Npm’s scopes basically match this proposal, with the additional feature that the package manager will let you specify at most one registry for each scope (with fallback to the default), so that if you use @mycompany/... you can restrict all consideration of these packages to only your private index. This also avoids sending web traffic to public servers, which may give away the names of private packages.

Nuget’s ID prefixes are reserved server-side, and only certain accounts are allowed to publish to them. This work great when coupled with code signing, such that only packages signed with a previously-submitted key are allowed to be published under that namespace. It also guarantees that private packages with that prefix cannot be published by someone who is not part of your organisation.

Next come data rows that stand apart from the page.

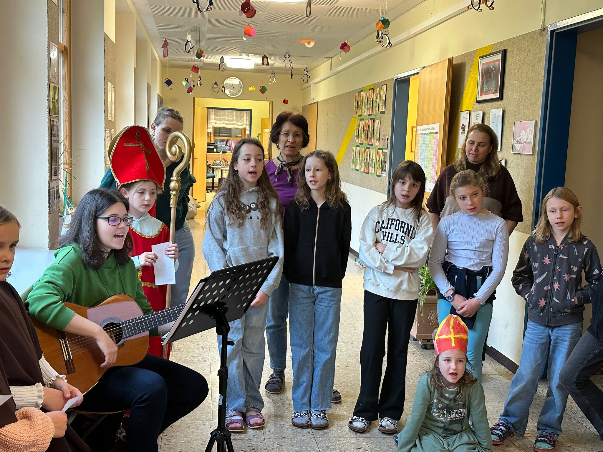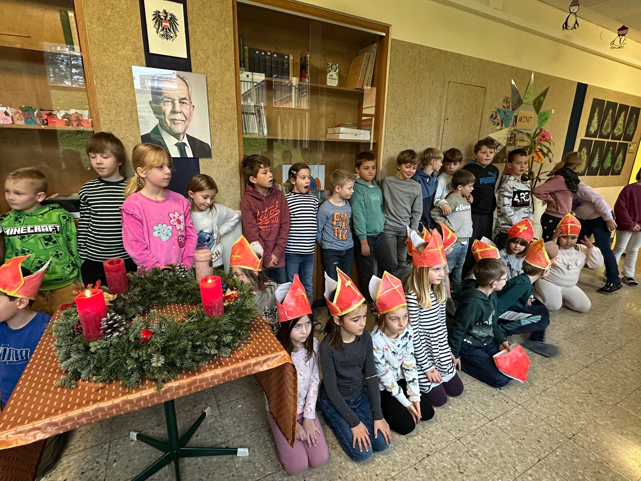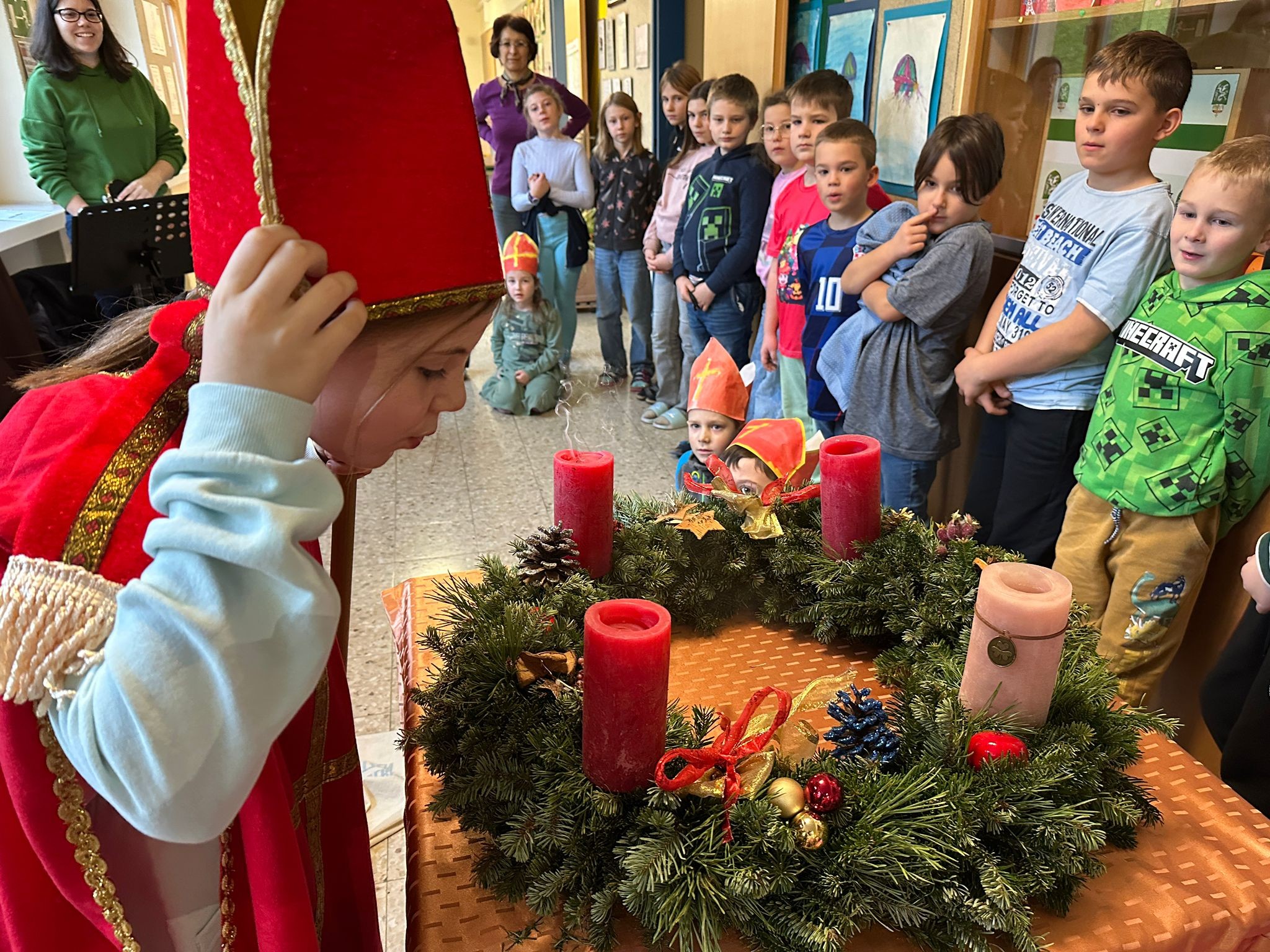 Am 4. Dezember feierte unsere gesamte Schule gemeinsam eine stimmungsvolle Nikolausfeier. Geleitet wurde die Feier von unserer Religionslehrerin, die mit viel Herz durch das Programm führte. Ein besonderer Höhepunkt war der Auftritt der 3. Klasse, die mit großem Engagement eine Geschichte vorspielte. So konnten alle gemeinsam einen schönen Einstieg in die Vorweihnachtszeit erleben.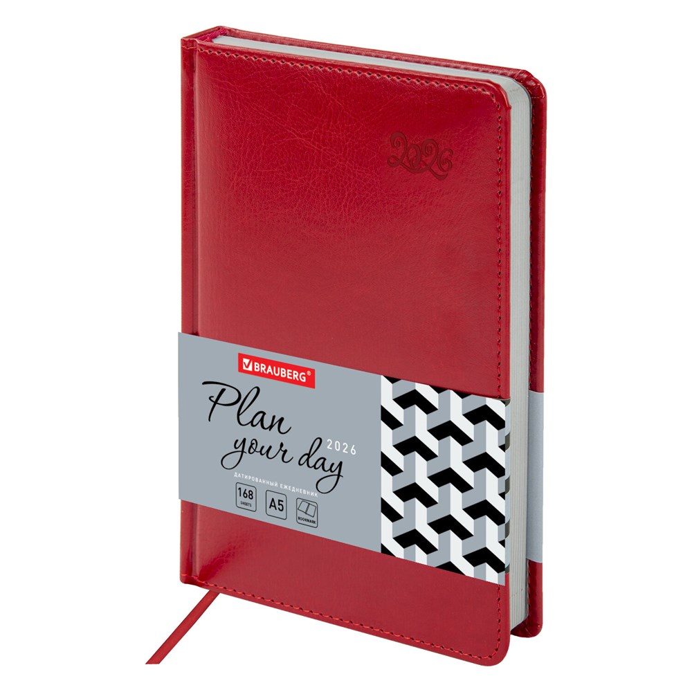 Ежедневник датированный 2026, А5, 138x213 мм, BRAUBERG "Rainbow", под кожу, красный, 117077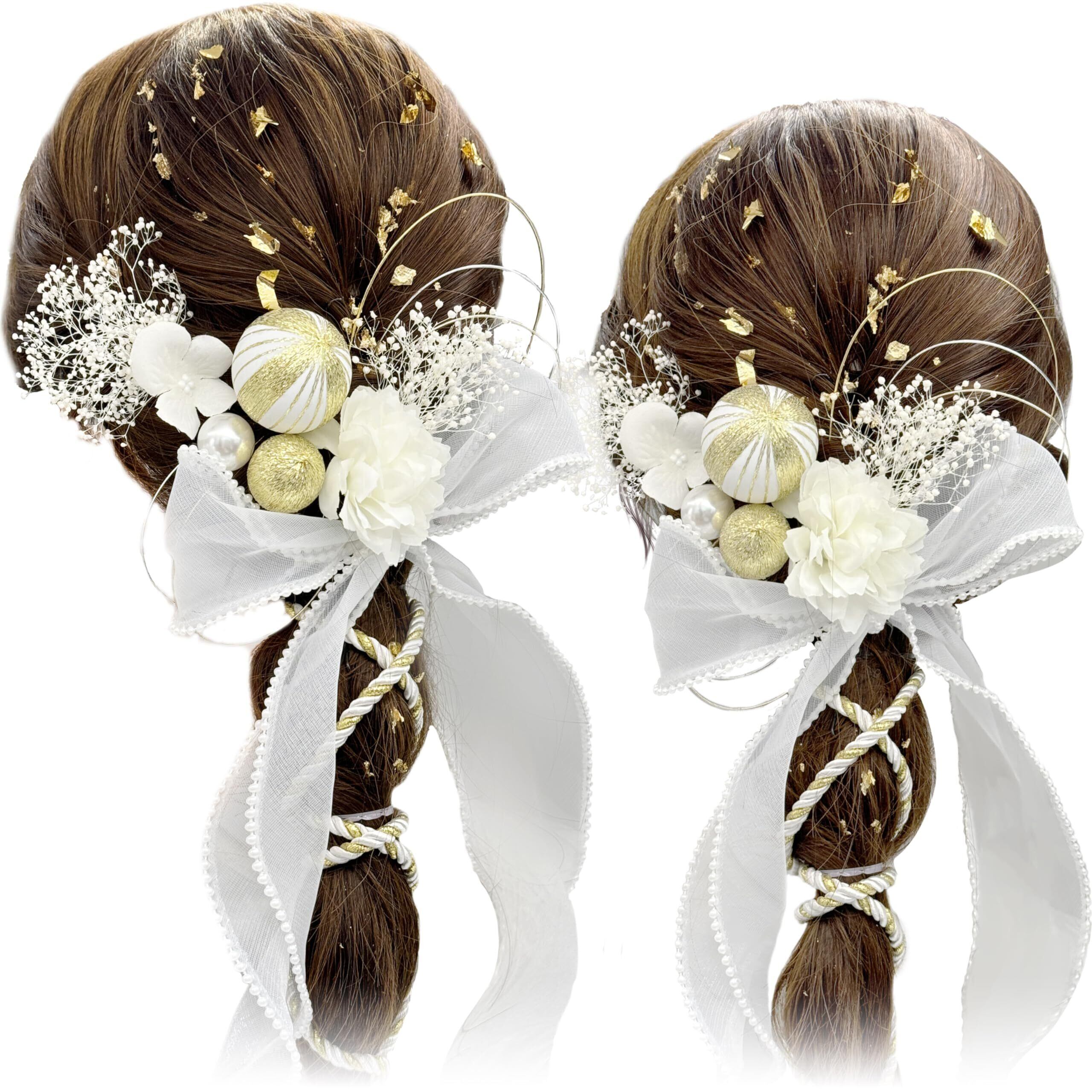 【優雅なデザイン】リボン、小さい花、組紐、ホワイトパール、和玉、かすみ草、ダリア、金箔、水引を華やかにする髪飾り11点セット。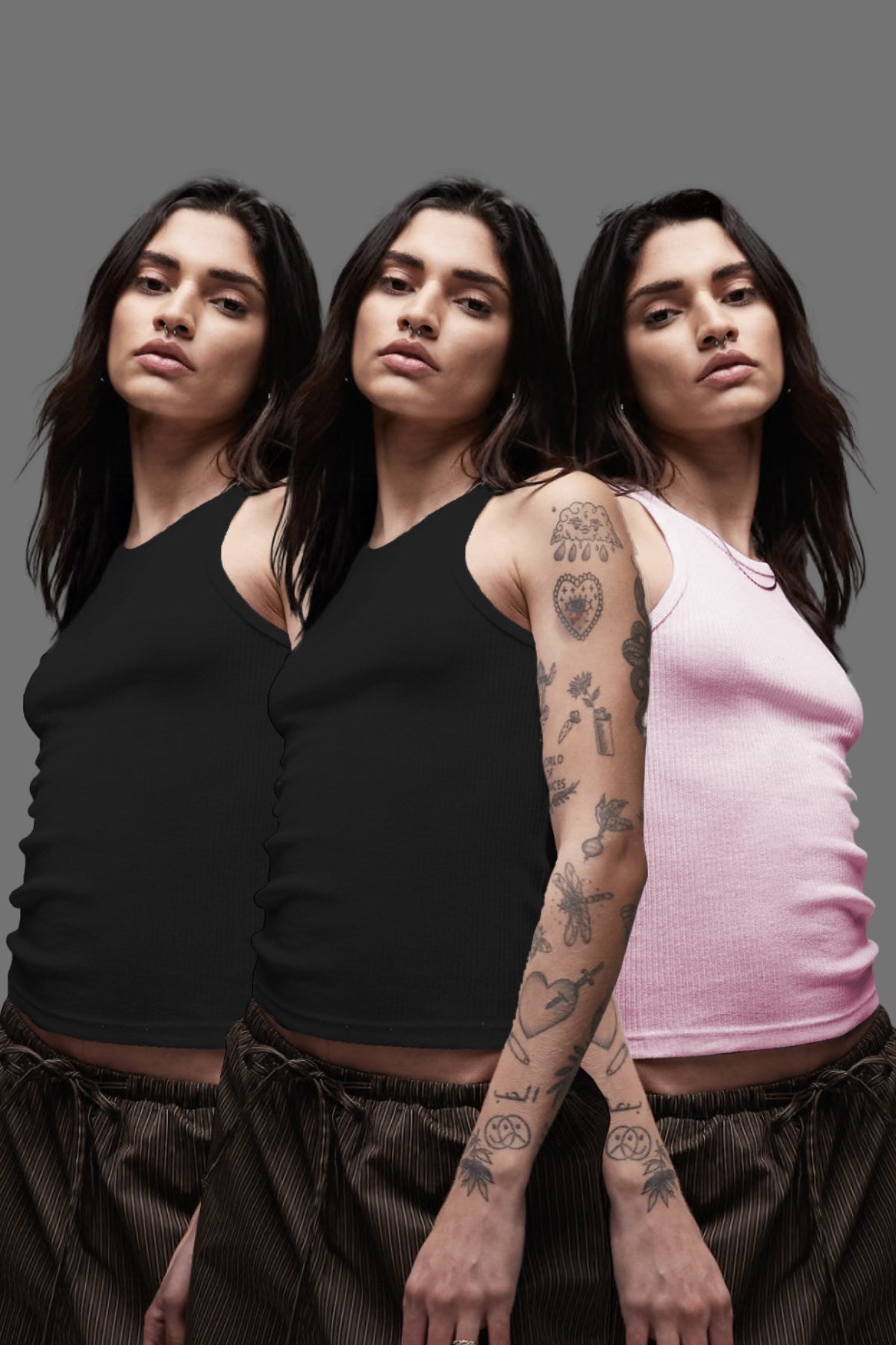 3'lü Kadın Kaşkorse Atlet Takımı – Siyah Siyah Pembe Renkli Ribana Atlet

If our Python tools could support : in package names while PyPI blocks it, we could match npm very easily. That also leaves open the possibility of a Nuget-style server side permission for certain prefixes later on (maybe lease them out for extra revenue?), and I think it’s feasible to eventually support signature/publisher validation to those namespaces to offer some end-to-end confidence for users.

There’s no reason why the module names have to match the package name, and I think for this kind of namespacing they probably should not. There’s no need to enforce anything here, but I think it’s fine to have mycompany-requests lead to import requests. We already see plenty of (usually) non-malicious examples of this on PyPI.

However, where it could become confusing is if the “company” prefix becomes mixed with a legitimate namespace package. For example, we use azure as a traditional namespace package, but not all azure-* packages on PyPI contribute to it (I wish they did, but I don’t quite have the influence to win over every team, and certainly not the external people who publish with that in the name). Having azure::name for internal stuff and azure-name for public stuff seems like a good balance to me.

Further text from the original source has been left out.